**EXERCISE MATERIALS**
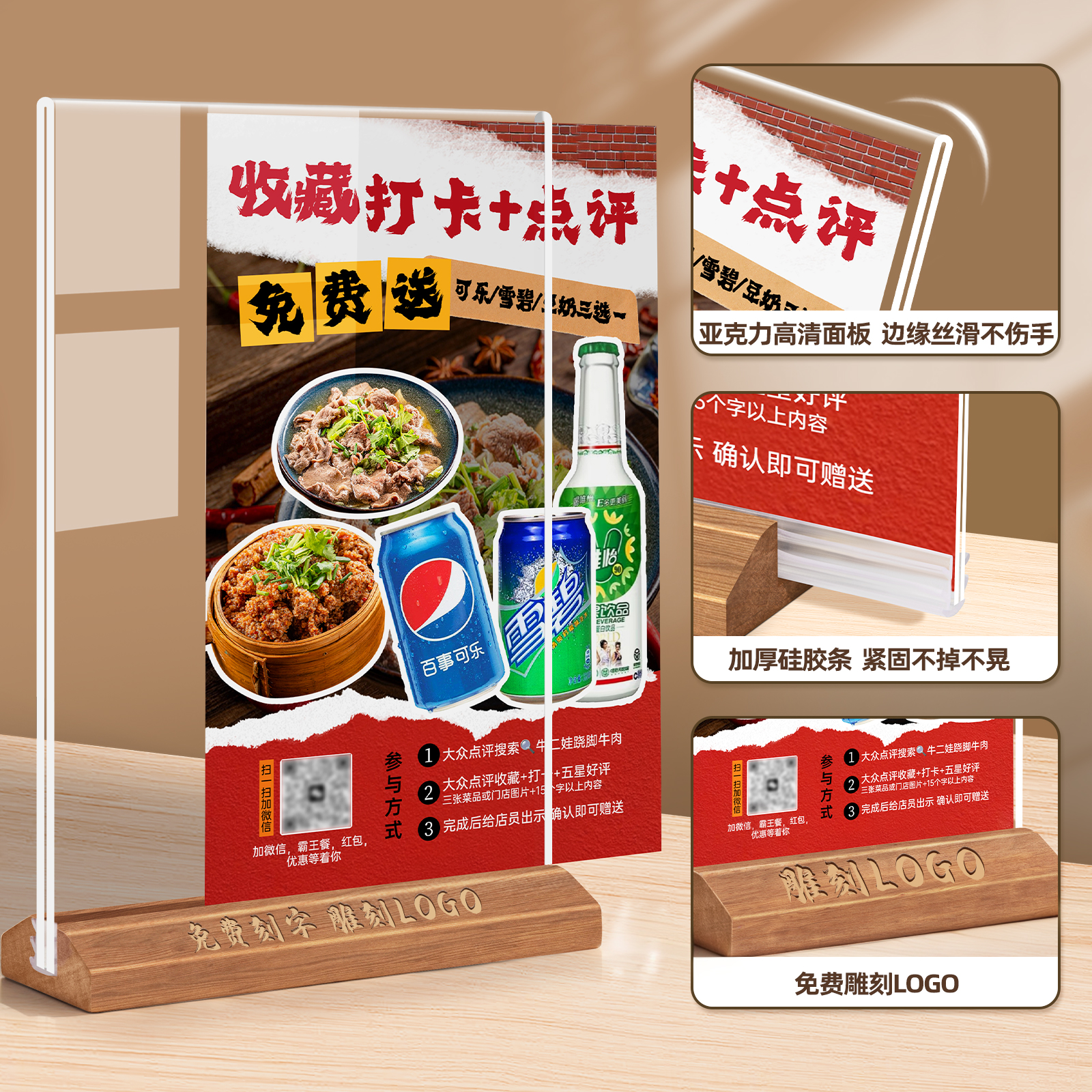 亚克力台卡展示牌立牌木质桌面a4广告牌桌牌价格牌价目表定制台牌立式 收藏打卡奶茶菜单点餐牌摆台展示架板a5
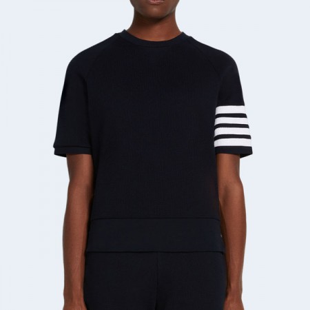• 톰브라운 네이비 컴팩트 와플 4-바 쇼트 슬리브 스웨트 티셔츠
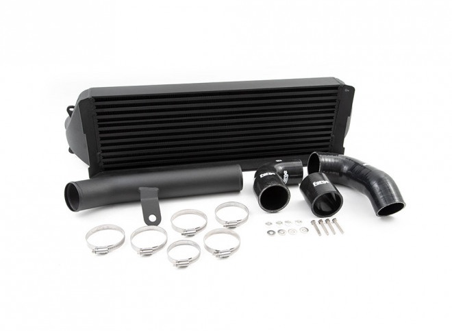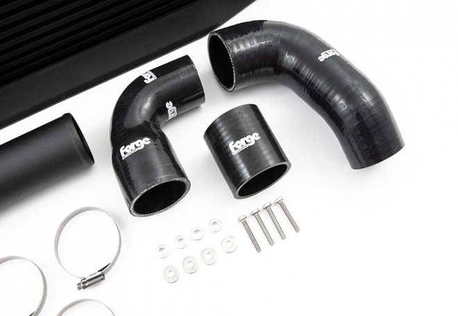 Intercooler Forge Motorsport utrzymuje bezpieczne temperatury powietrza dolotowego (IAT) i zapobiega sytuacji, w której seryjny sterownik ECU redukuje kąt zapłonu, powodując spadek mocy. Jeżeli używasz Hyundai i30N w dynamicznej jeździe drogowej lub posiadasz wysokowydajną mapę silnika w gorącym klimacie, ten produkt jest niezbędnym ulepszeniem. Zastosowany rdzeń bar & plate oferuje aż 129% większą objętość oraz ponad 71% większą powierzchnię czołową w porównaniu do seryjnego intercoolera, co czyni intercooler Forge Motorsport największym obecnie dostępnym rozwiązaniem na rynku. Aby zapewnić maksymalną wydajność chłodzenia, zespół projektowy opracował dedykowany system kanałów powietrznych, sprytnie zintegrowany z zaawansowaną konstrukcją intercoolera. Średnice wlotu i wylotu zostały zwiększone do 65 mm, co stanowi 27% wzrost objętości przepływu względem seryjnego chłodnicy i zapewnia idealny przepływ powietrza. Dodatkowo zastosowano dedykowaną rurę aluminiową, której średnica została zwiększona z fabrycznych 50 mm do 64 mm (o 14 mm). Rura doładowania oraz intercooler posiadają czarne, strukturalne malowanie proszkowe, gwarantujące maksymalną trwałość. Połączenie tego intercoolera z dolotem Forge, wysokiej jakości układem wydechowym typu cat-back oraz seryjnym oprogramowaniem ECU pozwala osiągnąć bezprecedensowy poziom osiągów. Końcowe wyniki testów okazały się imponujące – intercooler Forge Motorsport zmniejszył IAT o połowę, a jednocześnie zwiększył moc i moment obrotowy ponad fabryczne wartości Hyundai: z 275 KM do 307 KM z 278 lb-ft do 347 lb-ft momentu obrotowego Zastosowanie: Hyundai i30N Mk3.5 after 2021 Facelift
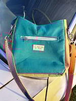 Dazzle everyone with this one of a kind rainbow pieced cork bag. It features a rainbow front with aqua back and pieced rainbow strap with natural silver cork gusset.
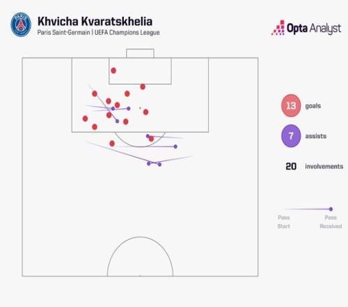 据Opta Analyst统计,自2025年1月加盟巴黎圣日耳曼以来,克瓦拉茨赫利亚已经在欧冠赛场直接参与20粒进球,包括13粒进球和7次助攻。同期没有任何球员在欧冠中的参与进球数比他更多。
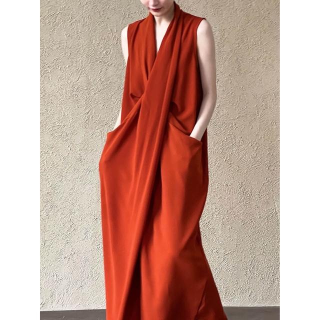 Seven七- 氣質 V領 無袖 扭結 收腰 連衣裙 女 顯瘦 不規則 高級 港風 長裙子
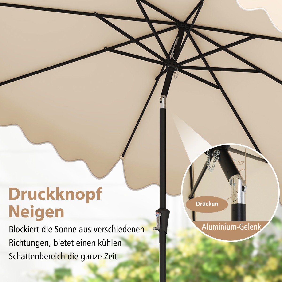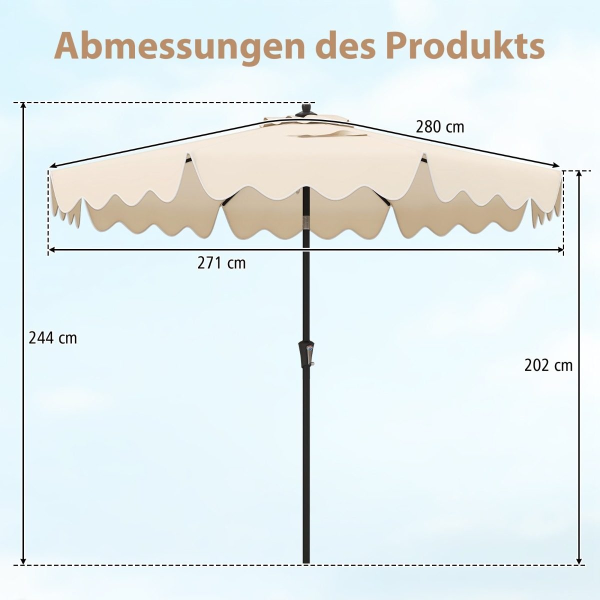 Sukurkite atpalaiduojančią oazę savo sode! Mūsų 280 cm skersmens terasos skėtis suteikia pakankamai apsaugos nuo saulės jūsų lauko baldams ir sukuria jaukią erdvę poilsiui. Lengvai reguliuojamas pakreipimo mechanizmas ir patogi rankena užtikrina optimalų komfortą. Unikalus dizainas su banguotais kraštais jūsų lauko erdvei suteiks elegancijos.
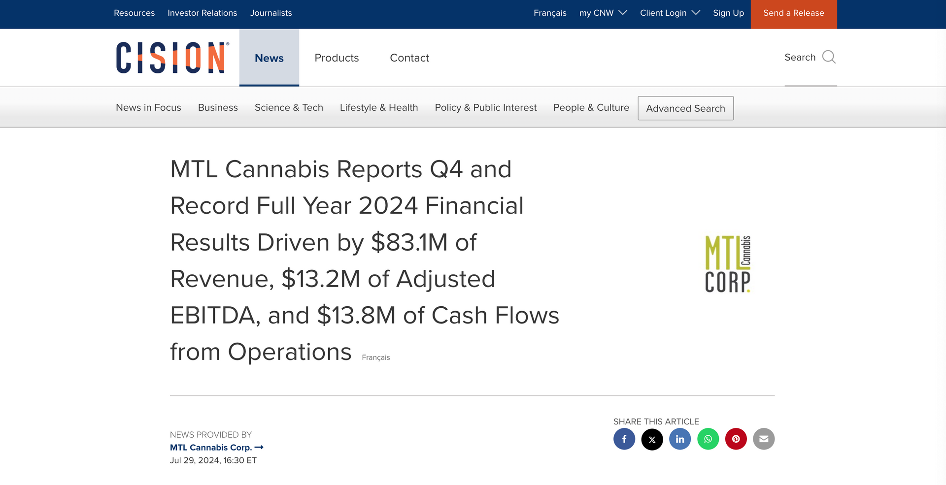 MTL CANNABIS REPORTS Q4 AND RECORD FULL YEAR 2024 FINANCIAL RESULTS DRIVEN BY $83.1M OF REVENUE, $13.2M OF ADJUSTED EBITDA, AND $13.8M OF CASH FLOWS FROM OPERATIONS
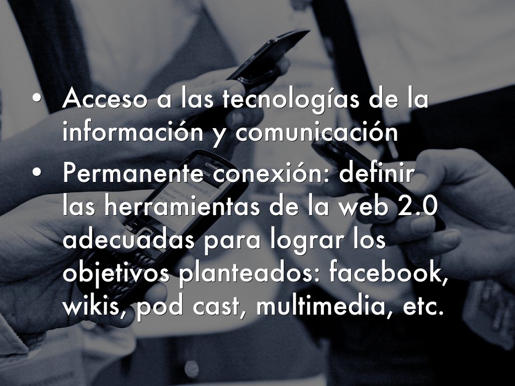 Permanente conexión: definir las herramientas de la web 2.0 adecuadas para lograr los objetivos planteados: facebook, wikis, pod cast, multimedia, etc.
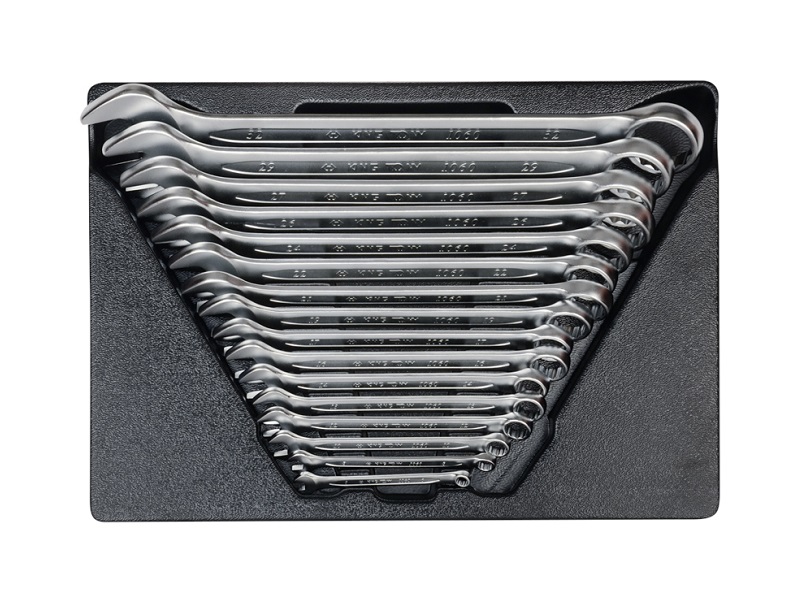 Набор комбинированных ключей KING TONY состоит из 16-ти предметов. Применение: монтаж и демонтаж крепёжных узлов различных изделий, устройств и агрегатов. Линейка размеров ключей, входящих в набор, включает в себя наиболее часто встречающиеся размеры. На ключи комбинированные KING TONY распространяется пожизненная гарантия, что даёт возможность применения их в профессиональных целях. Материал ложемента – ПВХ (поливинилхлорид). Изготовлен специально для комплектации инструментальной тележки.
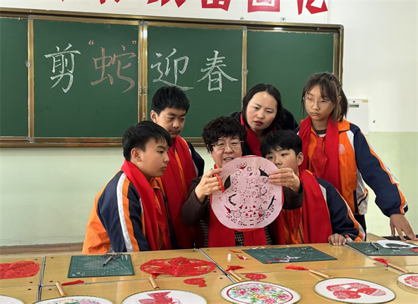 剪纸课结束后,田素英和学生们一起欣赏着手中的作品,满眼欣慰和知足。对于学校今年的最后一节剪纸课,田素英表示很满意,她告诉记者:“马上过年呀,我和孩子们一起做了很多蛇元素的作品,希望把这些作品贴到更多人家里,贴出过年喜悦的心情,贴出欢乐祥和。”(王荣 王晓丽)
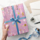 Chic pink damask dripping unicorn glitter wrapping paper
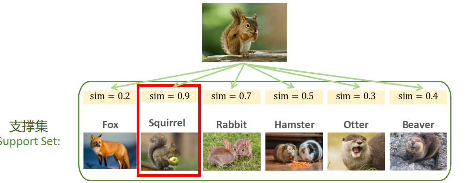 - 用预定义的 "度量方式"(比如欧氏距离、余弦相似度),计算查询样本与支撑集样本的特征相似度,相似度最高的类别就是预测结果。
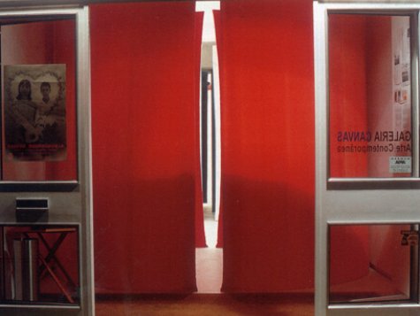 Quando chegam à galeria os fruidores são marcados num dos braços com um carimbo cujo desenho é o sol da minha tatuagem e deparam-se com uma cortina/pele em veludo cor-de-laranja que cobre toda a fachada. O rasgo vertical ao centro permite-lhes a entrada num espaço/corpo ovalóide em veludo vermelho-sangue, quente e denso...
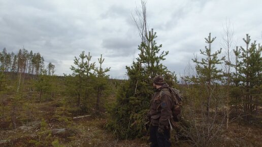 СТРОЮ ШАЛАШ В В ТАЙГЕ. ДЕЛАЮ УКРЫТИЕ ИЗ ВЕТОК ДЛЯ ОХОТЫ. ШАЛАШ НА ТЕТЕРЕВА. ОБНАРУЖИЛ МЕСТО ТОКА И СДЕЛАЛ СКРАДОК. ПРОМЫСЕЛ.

**EXERCISE DIRECTIONS**
The result should be an exact copy of only the lines above from the one that holds "MTL CANNABIS REPORTS" through the one that holds "Permanente conexión: definir", both ends included, without pictures.

**OUTPUT FOR THIS TASK**
 MTL CANNABIS REPORTS Q4 AND RECORD FULL YEAR 2024 FINANCIAL RESULTS DRIVEN BY $83.1M OF REVENUE, $13.2M OF ADJUSTED EBITDA, AND $13.8M OF CASH FLOWS FROM OPERATIONS
 Permanente conexión: definir las herramientas de la web 2.0 adecuadas para lograr los objetivos planteados: facebook, wikis, pod cast, multimedia, etc.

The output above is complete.